Lunch in Venice with Barbara!
She gets all the hotties!! With my friend Daniele and co-worker…
Rule number 282: DO NOT take your Parents on any sort of tour where they may have to hike!
I took my mother to Cinque Terra on a Florence For Fun tour that I thought she would enjoy. As you all know, I love Florence For Fun tours. I love going on their tours because they always have young people and great tour guides and everyone speaks English. I thought this would be fun for my Mom because she loves kids and has always been pretty active and doesn’t speak a word of Italian. I thought she could handle a little hiking and walking. I didn’t realize that there would be nothing little about it. The first 20 mins were spent walking down a narrow winding street to get to even more narrow, horribly uneven stairs that went straight down. This is another area where my mom didn’t listen to me. I told her bring good, comfortable walking shoes and to do a bit of walking a month or so before she arrived. This way she would have built up a little bit of muscle for Italian traveling, which is mostly on foot. I felt really bad for our tour guides but they were awesome as usual, and so so patient! The two guys helped my mom the whole way down until we reached the train station. They were great and once again I can’t help but say how very much I love Florence For Fun Tours! (Maybe I should ask if they can get an Over 65 excursion going??) Once we got to the bottom where the train was, everything was fine because we could take the train from town to town. We went straight to the fifth village and stayed there the remainder of the day enjoying cocktails, lunch and lemons.

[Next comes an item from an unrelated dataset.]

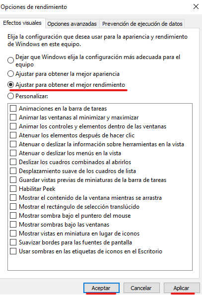 Notarás que desactivarán todos los efectos visuales de Windows. Por lo tanto haz clic en “Aplicar” y luego en “Aceptar”.

Shopping for anything Lemon in Cinque Terra
My mother was a trooper on this trip though and I have to give her credit because not too many people actually travel at this age out of their comfort zone. She even told me once that she thought I was trying to kill her and that I was not mentioned in her will, so I should quit. I know things were not easy on her even when I tried to make them so. Not everything was stressful. We ate some great food and she still saw some beautiful sights. She was able to experience my life and that made me feel great. And if you saw my previous post, you know she was the bell of the ball everywhere we went. Men really do flock to my Mom. Everywhere we go. I’ve been here for 7 month’s and I still don;t get that kind of attention! It’s irritating. But what kind of family vacation would it be if we didn’t irritate one another?
THank God… she finally wants to stop and get a drink!
** A quick side note… I spoke with my Mom yesterday and she told me she was proud of me and that she had never seen me so confident or happy. That, even though she missed me she was happy that I was pursuing my dreams… Damn that woman for making me cry like a baby!